Task instructions: Your output must hold every entry exactly as written and none of the pictures.

::::::::

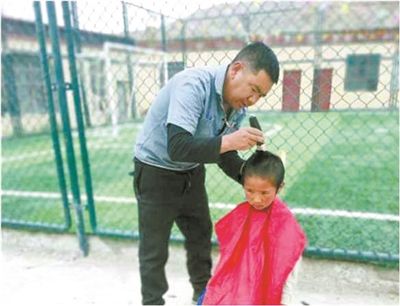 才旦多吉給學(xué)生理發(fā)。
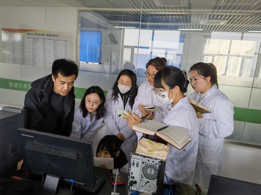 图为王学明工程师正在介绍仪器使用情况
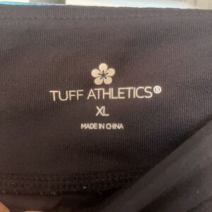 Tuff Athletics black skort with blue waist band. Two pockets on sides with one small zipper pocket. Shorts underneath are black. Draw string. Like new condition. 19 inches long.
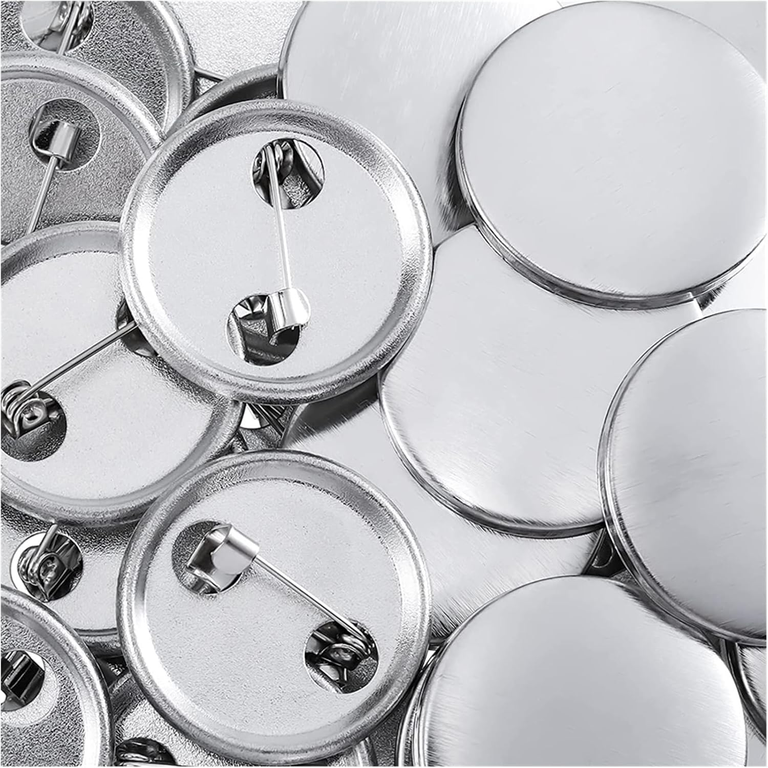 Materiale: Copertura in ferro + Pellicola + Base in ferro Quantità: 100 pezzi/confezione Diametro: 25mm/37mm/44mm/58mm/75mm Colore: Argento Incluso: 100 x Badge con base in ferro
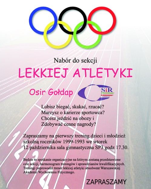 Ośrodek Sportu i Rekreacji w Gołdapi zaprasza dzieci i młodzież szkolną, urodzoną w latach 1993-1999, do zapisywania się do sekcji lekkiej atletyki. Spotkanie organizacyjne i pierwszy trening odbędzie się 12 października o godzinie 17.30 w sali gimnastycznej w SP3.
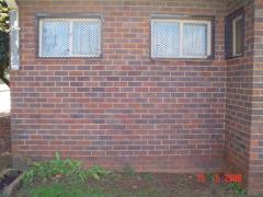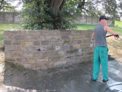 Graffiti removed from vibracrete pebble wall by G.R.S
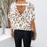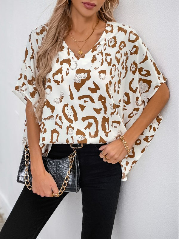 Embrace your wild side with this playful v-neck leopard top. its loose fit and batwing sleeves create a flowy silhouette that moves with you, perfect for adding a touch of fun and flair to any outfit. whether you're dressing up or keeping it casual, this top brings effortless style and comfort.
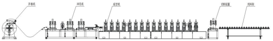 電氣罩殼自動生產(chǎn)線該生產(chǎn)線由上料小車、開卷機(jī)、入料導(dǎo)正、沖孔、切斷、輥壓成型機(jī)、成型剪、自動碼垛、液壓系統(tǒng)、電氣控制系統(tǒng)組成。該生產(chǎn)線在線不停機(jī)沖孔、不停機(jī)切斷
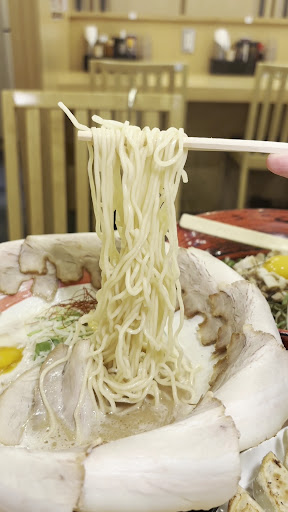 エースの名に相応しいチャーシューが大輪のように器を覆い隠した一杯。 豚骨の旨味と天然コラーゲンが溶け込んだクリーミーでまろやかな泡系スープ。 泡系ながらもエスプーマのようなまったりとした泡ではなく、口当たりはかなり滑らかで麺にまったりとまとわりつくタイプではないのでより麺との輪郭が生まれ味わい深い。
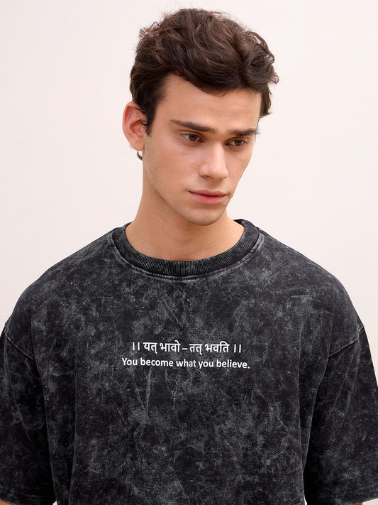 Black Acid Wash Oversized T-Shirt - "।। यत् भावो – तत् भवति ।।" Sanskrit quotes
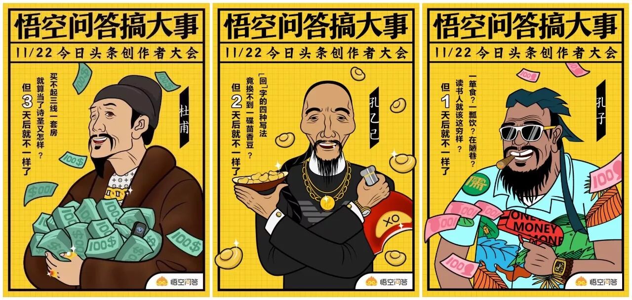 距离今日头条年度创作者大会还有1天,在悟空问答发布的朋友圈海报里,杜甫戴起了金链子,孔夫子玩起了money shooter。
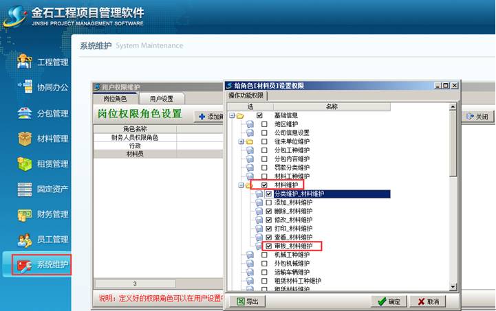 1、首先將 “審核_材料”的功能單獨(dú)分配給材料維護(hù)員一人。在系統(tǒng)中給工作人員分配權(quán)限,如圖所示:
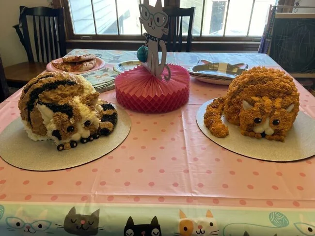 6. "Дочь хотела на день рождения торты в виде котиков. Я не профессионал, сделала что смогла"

::::::::

Response to this exercise:
 才旦多吉給學(xué)生理發(fā)。
 图为王学明工程师正在介绍仪器使用情况
 Tuff Athletics black skort with blue waist band. Two pockets on sides with one small zipper pocket. Shorts underneath are black. Draw string. Like new condition. 19 inches long.
 Materiale: Copertura in ferro + Pellicola + Base in ferro Quantità: 100 pezzi/confezione Diametro: 25mm/37mm/44mm/58mm/75mm Colore: Argento Incluso: 100 x Badge con base in ferro
 Ośrodek Sportu i Rekreacji w Gołdapi zaprasza dzieci i młodzież szkolną, urodzoną w latach 1993-1999, do zapisywania się do sekcji lekkiej atletyki. Spotkanie organizacyjne i pierwszy trening odbędzie się 12 października o godzinie 17.30 w sali gimnastycznej w SP3.
 Graffiti removed from vibracrete pebble wall by G.R.S
 Embrace your wild side with this playful v-neck leopard top. its loose fit and batwing sleeves create a flowy silhouette that moves with you, perfect for adding a touch of fun and flair to any outfit. whether you're dressing up or keeping it casual, this top brings effortless style and comfort.
 電氣罩殼自動生產(chǎn)線該生產(chǎn)線由上料小車、開卷機(jī)、入料導(dǎo)正、沖孔、切斷、輥壓成型機(jī)、成型剪、自動碼垛、液壓系統(tǒng)、電氣控制系統(tǒng)組成。該生產(chǎn)線在線不停機(jī)沖孔、不停機(jī)切斷
 エースの名に相応しいチャーシューが大輪のように器を覆い隠した一杯。 豚骨の旨味と天然コラーゲンが溶け込んだクリーミーでまろやかな泡系スープ。 泡系ながらもエスプーマのようなまったりとした泡ではなく、口当たりはかなり滑らかで麺にまったりとまとわりつくタイプではないのでより麺との輪郭が生まれ味わい深い。
 Black Acid Wash Oversized T-Shirt - "।। यत् भावो – तत् भवति ।।" Sanskrit quotes
 距离今日头条年度创作者大会还有1天,在悟空问答发布的朋友圈海报里,杜甫戴起了金链子,孔夫子玩起了money shooter。
 1、首先將 “審核_材料”的功能單獨(dú)分配給材料維護(hù)員一人。在系統(tǒng)中給工作人員分配權(quán)限,如圖所示:
 6. "Дочь хотела на день рождения торты в виде котиков. Я не профессионал, сделала что смогла"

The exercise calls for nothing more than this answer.